I take it that my effort to expand the possible scope of dap URLs is inadequate to solve this problem? I'd be happy to try to encode a larger set of common data providers and URL patterns. Its easier to put in positive includes rather than the arbitrary and unlimited set of excludes. It's sad for us that there is no single, or small set, of unifying features that definitively show that something is a DAP url. My hope was to cover ~90% percent of data URL cases, and ask the remaining 10% dap users to add an explicit engine. Does that seem feasible/acceptable?

I'm not sure that is possible without inspecting the URL header response. Maybe even that may fail in some corner cases, but why handling the .zarr ones is not enough? Definitely simpler. Leaving the users to pass any other URL and dealing with any possible error themselves.

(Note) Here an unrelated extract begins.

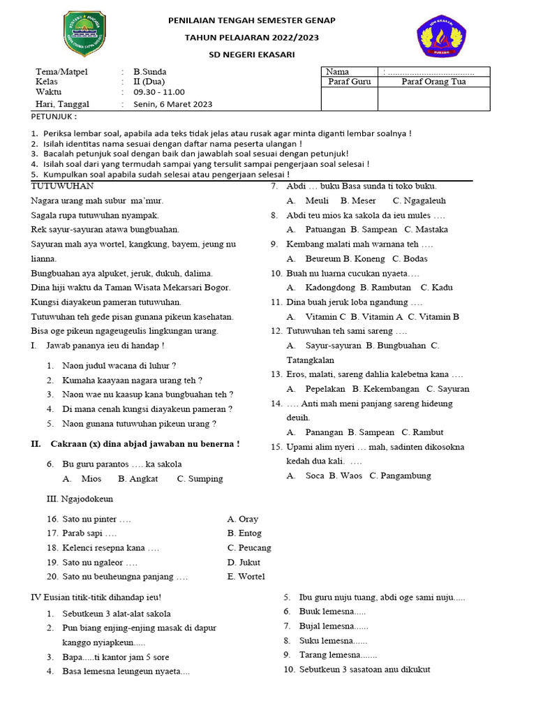 Artikel ini akan mengupas tuntas seluk-beluk soal UTS Basa Sunda kelas 2 semester 2. Mulai dari pentingnya pembelajaran bahasa Sunda, materi pokok yang biasa diujikan, bentuk-bentuk soal yang umum muncul, hingga tips persiapan efektif bagi siswa, peran orang tua dalam mendukung, dan saran bagi para guru dalam menyusun soal. Tujuannya adalah memberikan panduan komprehensif agar semua pihak siap menghadapi UTS Basa Sunda dengan percaya diri dan hasil yang optimal.

One thing that I used in the past was to use the, more costly header fetch, after everything fails. That helped users figure out by themselves by giving some hint of that is in the URL. For example, that URL does have the opendap info in it:

import requests
url = "https://www.neracoos.org/erddap/griddap/WW3_EastCoast_latest"
r = requests.get(url)
r.headers["xdods-server"]
'dods/3.7'

Not sure if this is worth doing here though.

I'd amend this to: "break [anyone/most] using zarr" including geo users. For example, I know that some weather modellers are moving towards providing data via zarr. In those cases especially remote access is critical. So I disagree that this is an edge case. It's a mainline usecase for a growing number of users in multiple fields, and they similarly deserve the "just work" behavior.

Sure, as a heavy user of zarr<3 myself, I also use netcdf4 for reading those URLs 😬 . Anyway, we are in user land and things will always be complicated. Someone will be unsatisfied and mad b/c the keyboard key press is no longer heating the room.

This is a fine solution for officially supported backends, but anyone who defines a custom backend will not be able to add an exception. Although, maybe that's ok. But the out would be just namign their backend in a way that comes alphabetically ahead of netcdf, which is not amazing.
An alternate future proofing could be to have an actual precedence system for backends where they each report a number.

I'm not sure I follow that part. I'll believe you as the expert here on the topic.

I think that would be the easiest, yes. Just revert the original PR (if possible) and release, and then we can have a more relaxed conversation about the way forward.

+1. The way forward will leave a group unhappy. The best solution is the one where everybody is unhappy! No really, that is real diplomacy, look it up.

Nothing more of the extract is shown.